"""

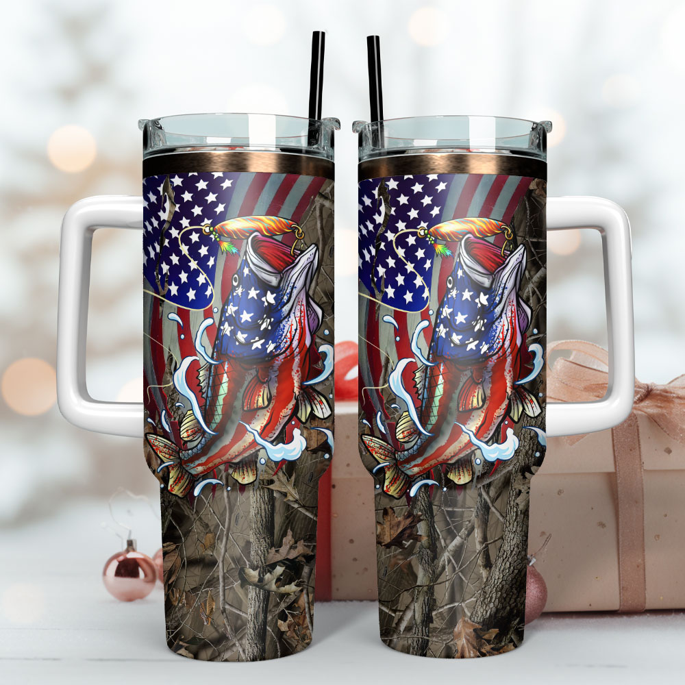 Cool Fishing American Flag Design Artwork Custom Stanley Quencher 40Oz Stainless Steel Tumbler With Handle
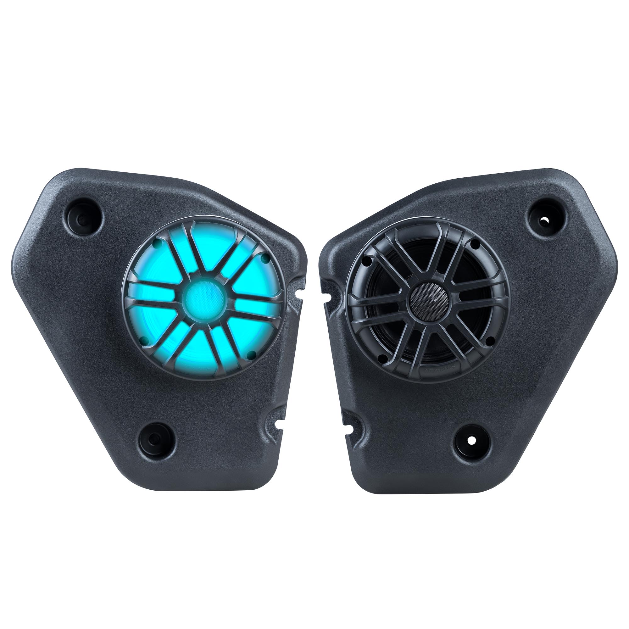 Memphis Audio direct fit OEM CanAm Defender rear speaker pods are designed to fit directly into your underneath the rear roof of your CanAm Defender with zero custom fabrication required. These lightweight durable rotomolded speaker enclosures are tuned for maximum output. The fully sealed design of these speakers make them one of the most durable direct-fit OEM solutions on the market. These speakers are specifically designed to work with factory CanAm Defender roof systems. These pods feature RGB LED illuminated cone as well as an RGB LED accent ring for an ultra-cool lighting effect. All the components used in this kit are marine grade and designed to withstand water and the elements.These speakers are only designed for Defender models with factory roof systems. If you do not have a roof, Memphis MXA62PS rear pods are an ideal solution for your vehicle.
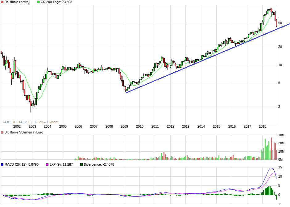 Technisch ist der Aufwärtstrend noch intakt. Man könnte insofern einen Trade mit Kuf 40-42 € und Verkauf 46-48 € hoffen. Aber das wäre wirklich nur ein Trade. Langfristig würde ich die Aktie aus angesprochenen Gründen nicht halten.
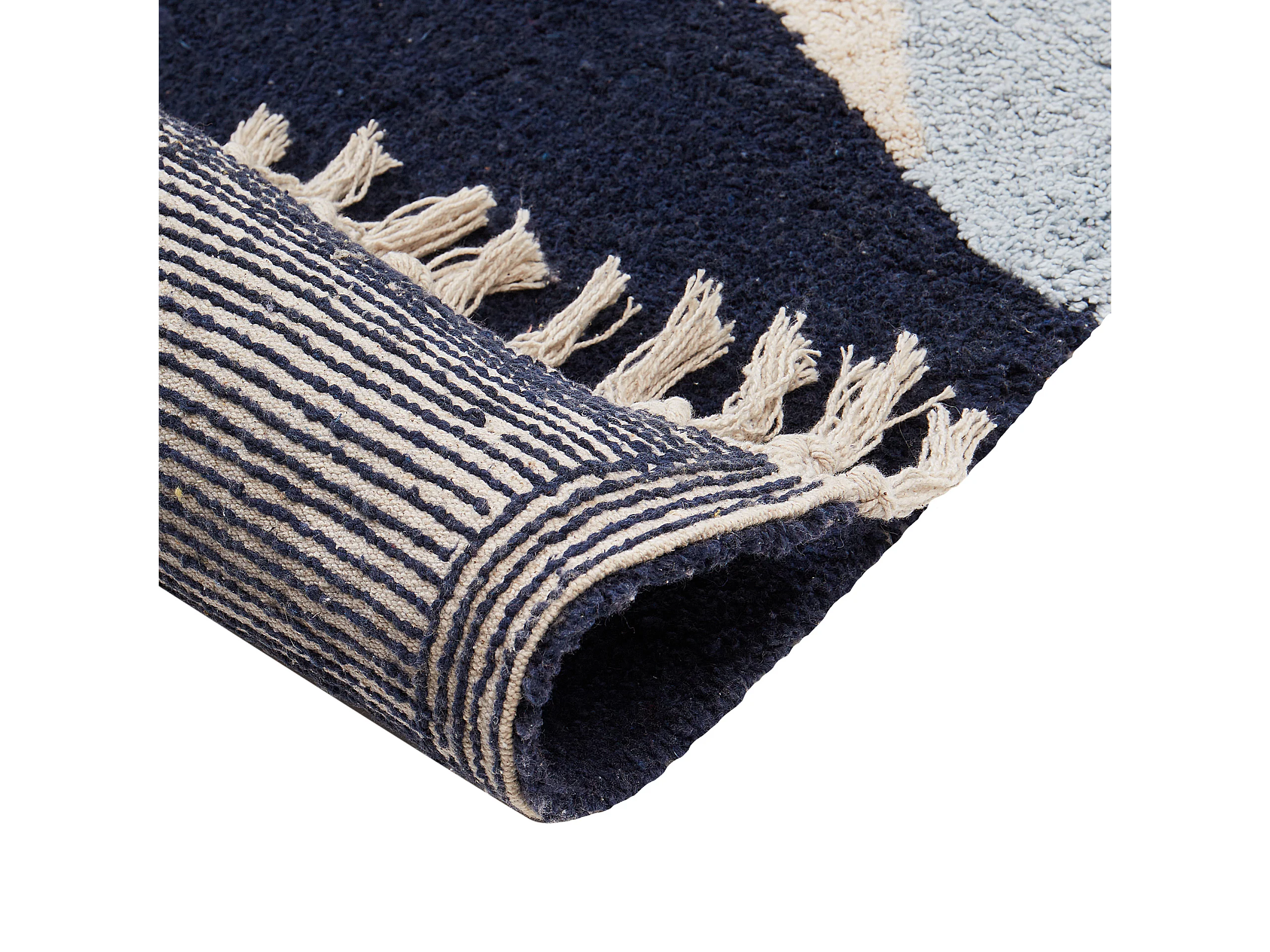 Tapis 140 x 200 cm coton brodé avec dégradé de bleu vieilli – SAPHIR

"""
"""

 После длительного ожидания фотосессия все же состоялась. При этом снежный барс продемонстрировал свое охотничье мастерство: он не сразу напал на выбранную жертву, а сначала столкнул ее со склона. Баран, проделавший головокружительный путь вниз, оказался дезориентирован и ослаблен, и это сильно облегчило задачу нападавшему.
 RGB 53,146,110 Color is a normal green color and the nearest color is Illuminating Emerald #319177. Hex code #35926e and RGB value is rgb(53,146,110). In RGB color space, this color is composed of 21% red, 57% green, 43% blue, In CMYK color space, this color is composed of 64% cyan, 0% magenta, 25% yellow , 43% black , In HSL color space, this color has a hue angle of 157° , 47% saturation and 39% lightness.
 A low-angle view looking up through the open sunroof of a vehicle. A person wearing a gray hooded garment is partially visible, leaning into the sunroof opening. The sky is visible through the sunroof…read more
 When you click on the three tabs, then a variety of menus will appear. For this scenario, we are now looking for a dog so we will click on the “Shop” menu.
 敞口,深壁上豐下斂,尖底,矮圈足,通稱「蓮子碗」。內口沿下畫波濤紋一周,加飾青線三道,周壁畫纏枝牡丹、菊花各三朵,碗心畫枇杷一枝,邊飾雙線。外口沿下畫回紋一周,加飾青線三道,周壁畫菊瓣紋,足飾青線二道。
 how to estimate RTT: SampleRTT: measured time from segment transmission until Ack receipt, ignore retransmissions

"""
"""

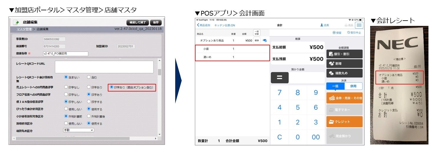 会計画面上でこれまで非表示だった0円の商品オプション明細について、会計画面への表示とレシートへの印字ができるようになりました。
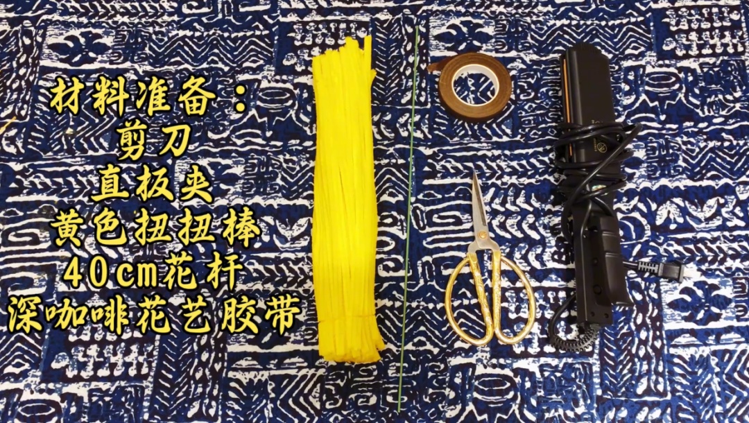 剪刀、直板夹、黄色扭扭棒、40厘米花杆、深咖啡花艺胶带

"""

Check the entries above for the word "looking" and copy every line where it turns up.

■ FINAL ANSWER ■
 A low-angle view looking up through the open sunroof of a vehicle. A person wearing a gray hooded garment is partially visible, leaning into the sunroof opening. The sky is visible through the sunroof…read more
 When you click on the three tabs, then a variety of menus will appear. For this scenario, we are now looking for a dog so we will click on the “Shop” menu.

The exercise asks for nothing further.